Cultural oppression is a battering ram that destroys everything in its path. There are those who help wield it and those who throw their hands up in protest but do nothing. So it is with the lives of Leila (Leila Hatami) and Reza (Ali Mosaffa). Married because of family expectation but finding love and companionship, their problems begin when Leila finds she can’t have children.
Accepting Reza’s insistence that he doesn’t mind and will live life happily childless, their prospects don’t seem too bad. That is until Reza’s mother, Madar Jan (Jamileh Sheikhi), finds out. She is relentless and has the weight of Iranian social tradition and expectation behind her. It doesn’t take much for Leila to crack.

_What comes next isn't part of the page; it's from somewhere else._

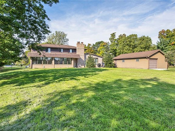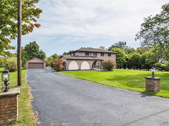 Welcome to 4981 Winding Lane! A stunning, all brick, almost 4,000 square foot home located on a peaceful street in the desirable Clarence area. A two story foyer greets you and leads to the living areas and spacious kitchen. A formal dining room, first floor laundry, heated sunroom, bonus room, office and half bath complete the first floor. Upstairs are four generous sized bedrooms including a primary suite and hardwood floors throughout. Enjoy views of the regulation sized tennis court and beautiful landscaping ('24) on one-plus acre lot. Large garage has room for three plus cars and there is still plenty more parking in the driveway. Multi-zone heating system plus air conditioning, large, dry basement with a fireplace. Updates include: Mini split in dining room/living room 2023, air handler for entire second floor 2023, concrete pad and ramp for garage 2023. This home and yard provide plenty of space for exceptional indoor and outdoor living! Offers will be reviewed as they are received and the seller reserves the right to set an offer deadline. Open house Sunday 10/13 11-1.

It’s frustrating to watch the passivity of each character as this tale unravels. Everyone seems to think they are helpless, that it is someone else’s responsibility. Reza seems unable to stand up to his mother or refrain from laying blame for this at Leila‘s feet. Leila allows herself to be manipulated and then resents Reza for not stopping her.
There are some gorgeous cinematic moments of the domestic details of life; tea tossed down the sink, a boy dancing to inaudible music, the making of a bed. After a while, though, the spelled out emotional angst became repetitive and dragged down the film’s pace. I wanted Madar Jan to shut up and Reza and Leila to act like adults.